29. The nozzle as claimed in claim 25, wherein said inlet region has a
generally round cross section.
30. The nozzle as claimed in claim 25, wherein said device is disposed in
said inlet region.
31. The nozzle as claimed in claim 24, wherein said device is disposed in
said outlet region.
32. The nozzle as claimed in claim 24, wherein said device comprises a
roller-shaped rotor having a radial slot therethrough.
33. The nozzle as claimed in claim 24, wherein said device is disposed at
said location of said chamber.
34. The nozzle as claimed in claim 33, wherein said device comprises a
rotor having formed in a periphery thereof a recess defining said chamber.
35. The nozzle as claimed in claim 24, wherein said device comprises an
electromagnetic flow regulator.
36. The nozzle as claimed in claim 24, wherein said inlet region empties
into said chamber from above.
37. The nozzle as claimed in claim 36, wherein said chamber is formed with
an overflow rim opening into said outlet region.
38. The nozzle as claimed in claim 37, wherein said chamber widens from a
mouth of said inlet region in a direction toward said overflow rim.
39. The nozzle as claimed in claim 37, wherein said overflow rim has a
length equal to a widened longer dimension of said outlet region.
40. The nozzle as claimed in claim 25, wherein said chamber is formed with
an overflow rim opening into said outlet region.
41. The nozzle as claimed in claim 40, wherein said chamber widens from a
mouth of said inlet region in a direction toward said overflow rim.
42. The nozzle as claimed in claim 40, wherein said overflow rim has a
length equal to a widened longer dimension of said outlet region.
43. The nozzle as claimed in claim 25, wherein said inlet region and said
outlet region have approximately equal transverse cross-sectional areas.
44. The nozzle as claimed in claim 25, having a uniform and constant wall
thickness throughout said immersion zone.
45. The nozzle as claimed in claim 19, wherein said rim is formed by a
smoothly curved surface defining a portion of said discharge channel that
curves smoothly from said chamber to said outlet region.

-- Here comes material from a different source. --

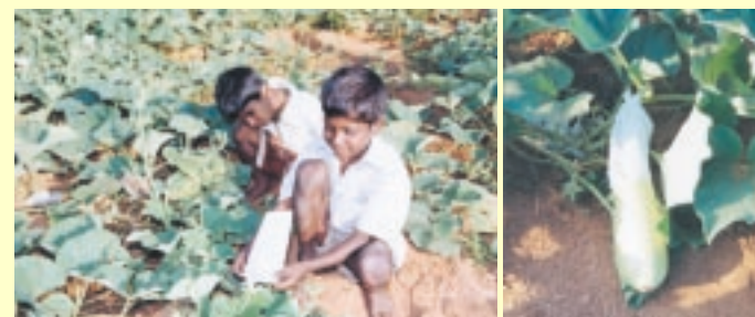
Mentally challenged children enjoying pollination work (bagging) and a bottle guard grown by them for seed production.

46. The nozzle as claimed in claim 40, wherein said rim is formed by a
smoothly curved surface defining a portion of said discharge channel that
curves smoothly from said chamber to said outlet region.
Description
BACKGROUND OF THE INVENTION
The present invention relates to a submerged or immersion nozzle for
casting material, particularly molten metal, further particularly molten
steel, into a mold cavity within a mold, particularly a long thin such
cavity in a slab mold, wherein a discharge channel through the nozzle has
a widened portion in an immersion zone of the nozzle to be immersed within
material in the mold. The present invention further is directed to an
assembly of such nozzle with a mold having a mold cavity of long, thin
transverse cross-sectional configuration.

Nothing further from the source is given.